Вика протянула руку к лицу своего сопящего богатыря. Пальцы немного дрогнули, но рука была послушной. Вика помнила свои ощущения прежде, чем ей вкололи лекарство и она отключилась от реальности. А еще четко помнила, что нижняя часть туловища у нее отнялась. Виктория Яковлевна попробовала пошевелить пальцами на ногах, а потом и осторожно ступней.

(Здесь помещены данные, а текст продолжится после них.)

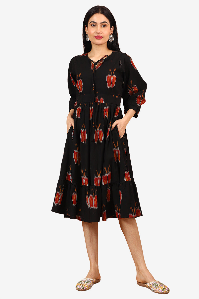Ikat Black Cotton Midi Dress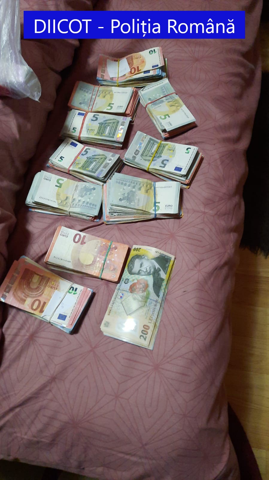 În aceeași zi, procurorii Direcției de Investigare a Infracțiunilor de Criminalitate Organizată și Terorism – Serviciul Teritorial Galați împreună cu ofițeri de poliție judiciară din cadrul BCCO Galați au efectuat un număr de 43 de percheziții domiciliare, pe raza județelor Iași, Ialomița, Vrancea, Galați, Botoșani, Ilfov, Suceava și a municipiului București, în urma cărora au fost ridicate 21.063 de pachete de țigarete de diferite mărci, 200 de grame de cannabis, 1 kg. de bijuterii, 38 de telefoane mobile, sumele de 41.210 lei și 57.200 de euro și 32 de pachete cu materiale explozibile.

Попробовала согнуть ногу в колене, левую, правую. Вика тихо выдохнула. Девушка не знала, какие Боги ее услышали, но все конечности исправно двигались.
Зная Федьку, подумалось Вике, нужно его будить и утешать. И к тому же соскучилась девушка по этим синим глазам. И хотелось ощутить его большие ласковые горячие ладони. Виктория осторожно протянула свою руку к лицу парня. Коснулась щетины, которая уже отросла настолько, что можно смело считать бородой. Вика нахмурилась. И сколько же, интересно знать, она здесь провалялась.
— Кнопочка… — выдохнул Федька, когда почувствовал, как ласковые пальчики скользят по его щеке, — Кнопка моя…
Вика смотрела, как Федя прижимал ее пальцы к своему лицу, к щеке, к губам. Прижимал и легонько терся о них отросшей щетиной, которая не кололась, а щекотала кожу, вызывая улыбку.
— Ты совсем не ел, — вдруг нахмурилась Вика, внимательнее рассматривая лицо парня.
Под щетиной сразу и не заметно было, как осунулось лицо ее богатыря. Но не беда, она откормит. Проследит, чтобы он ел много и часто.
— Возьмусь за тебя, богатырь мой, — пригрозила Вика, — Исхудал мой мальчик синеглазый.
— Как же я скучал, Колючка! — выдохнул Федька, понимая, что совсем не по-богатырски вот-вот банально разрыдается от звука ее голоса.
— Расскажешь, что было и где я вообще? — попросила Вика.
— Б-б-было хреново, — усмехнулся Федька, все еще не вставая с пола.